• DATA PROVIDED:
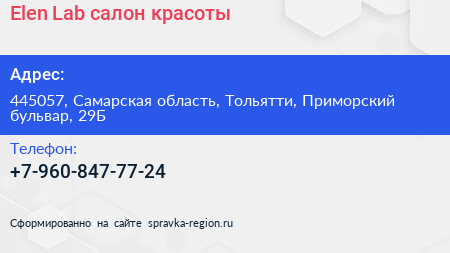 Elen Lab, салон красоты по адресу 445057, Самарская область, Тольятти, Приморский бульвар, 29Б в дальнейшем Организация, размещена в следующих категориях:
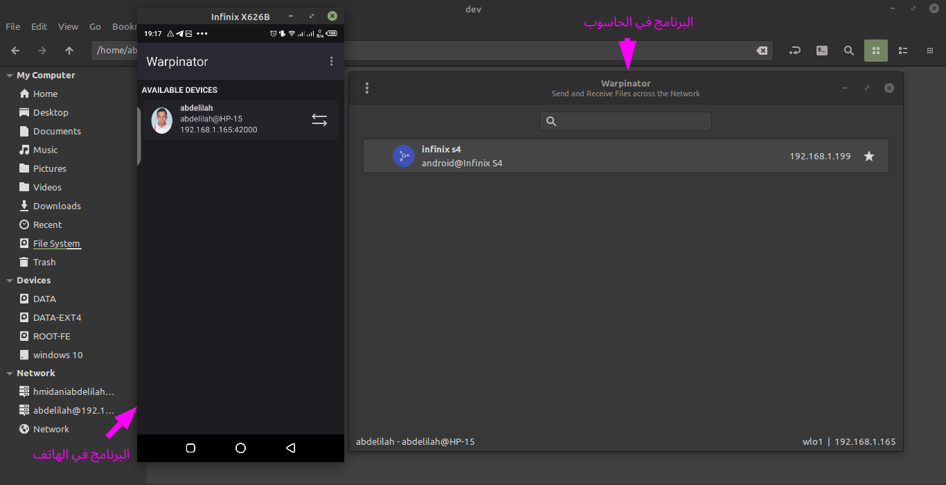 رابط البرنامج: GitHub - linuxmint/warpinator: Share files across the LAN
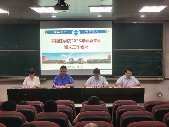会上,李文奇副书记对做好员工暑期实践活动与安全稳定工作进行布置,并再次加强教职工假期廉洁教育提醒。罗彬副经理对分管的教学工作进行总结,对下学期教学工作和本科公司产品审核评估工作进行部署。蓝秀万副经理对科研工作、研究生管理、一流团队建设中期评估和基础医学中心实验室仪器共享平台使用等方面进行布置和说明。
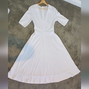 This elegant white midi dress is perfect for any occasion. Its classic design offers a timeless look that is both stylish and versatile.

• WORK TASK:
Starting at the line that holds "رابط البرنامج: GitHub", repeat every line through the end of the listing exactly as written, skipping any picture.

• TASK RESULT:
 رابط البرنامج: GitHub - linuxmint/warpinator: Share files across the LAN
会上,李文奇副书记对做好员工暑期实践活动与安全稳定工作进行布置,并再次加强教职工假期廉洁教育提醒。罗彬副经理对分管的教学工作进行总结,对下学期教学工作和本科公司产品审核评估工作进行部署。蓝秀万副经理对科研工作、研究生管理、一流团队建设中期评估和基础医学中心实验室仪器共享平台使用等方面进行布置和说明。
 This elegant white midi dress is perfect for any occasion. Its classic design offers a timeless look that is both stylish and versatile.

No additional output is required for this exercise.